In the previous two posts, I've given brief blurbs to each of two distinguished contemporaries in the world of social and political philosophy, Amartya Sen and Alan Thomas.
Today I'd like to bring their views in contact with one another.
The most obvious point to make is that Thomas identifies himself as, if not a 'Rawlsian' exactly, at least a member of the family. Sen, on the other hand, describes his own views in anti-Rawlsian terms.
John Rawls is generally credited with reviving political philosophy in the Anglophonic philosophic world after a long period of neglect. Some say he did more, that he revived substantive moral inquiry itself in that world, after a period in which it had disappeared into meta-ethics. So it seems fitting that nearly half a century later, once should describe two major figures by where they stand vis-a-vis Rawls. Thus, I'm illustrating this post with his visage.

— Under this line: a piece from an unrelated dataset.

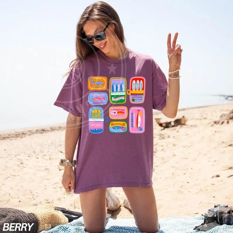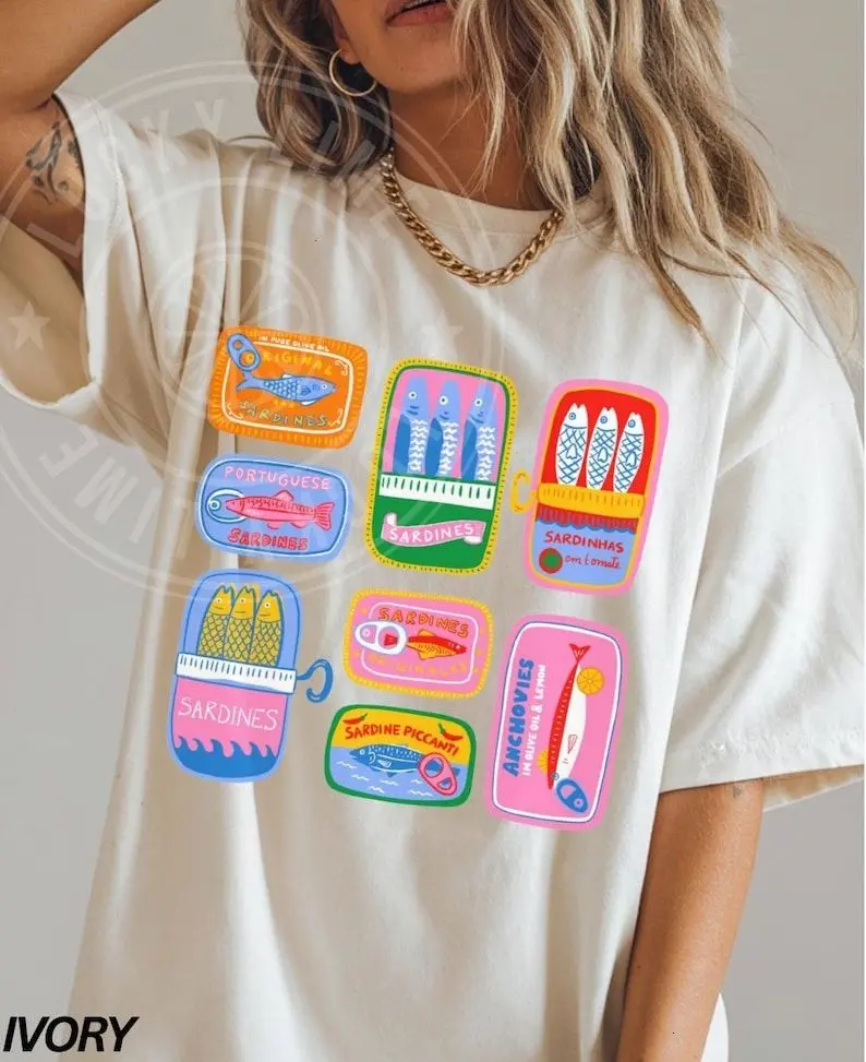5. Comfort Sardine Shirt, Fisherman Aesthetic, Tinned Fish Shirt, Beach Shirt, Sardines Portugal Tshirt, Preppy Summer

Rawls' work mixes teleological and deontological elements. Of the two principles of justice that Rawls says the contractors behind the veil of ignorance will adopt, the first has a blatantly deontological sound to it, and must be obeyed before one even arrives at applications of the second (it is "lexically prior" as Rawls says). The second has a more teleological sound, but it it driven by a means-oriented desire to protect the least well off.
Sen is not a utilitarian, but he is a teleologist of a sort, and Rawlsian deontology is part of Sen's complaint.

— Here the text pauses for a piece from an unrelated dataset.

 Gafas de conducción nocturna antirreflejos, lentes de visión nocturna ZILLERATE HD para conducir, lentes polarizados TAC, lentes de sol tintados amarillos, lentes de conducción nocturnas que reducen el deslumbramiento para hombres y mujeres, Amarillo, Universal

Thomas is in accord with Rawls on this matter of deontology.
There are other differences, too. Thomas worries about "path dependence." A society determined to move forward, so that its people will live in better circumstances next year than they lived in last year, may find itself locked into a path where the way forward is suboptimal. There may be circumstances in which things will have to get worse before they can get better, because a society's dependence on a sub-optimal path has to be broken.
That path dependence concern is key to what Thomas means by "predistribution." Welfare liberalism leads a society to see redistribution as the way forward. But if predistribution is a better way to address issues of institutional inequality and deprivation, then the welfarist structures may need to be undone to get there. The process will make some people worse off, at least for some period of time of indeterminate length.
That sounds like the sort of thing that gives "social engineering" a bad name, but one knows in general what he means.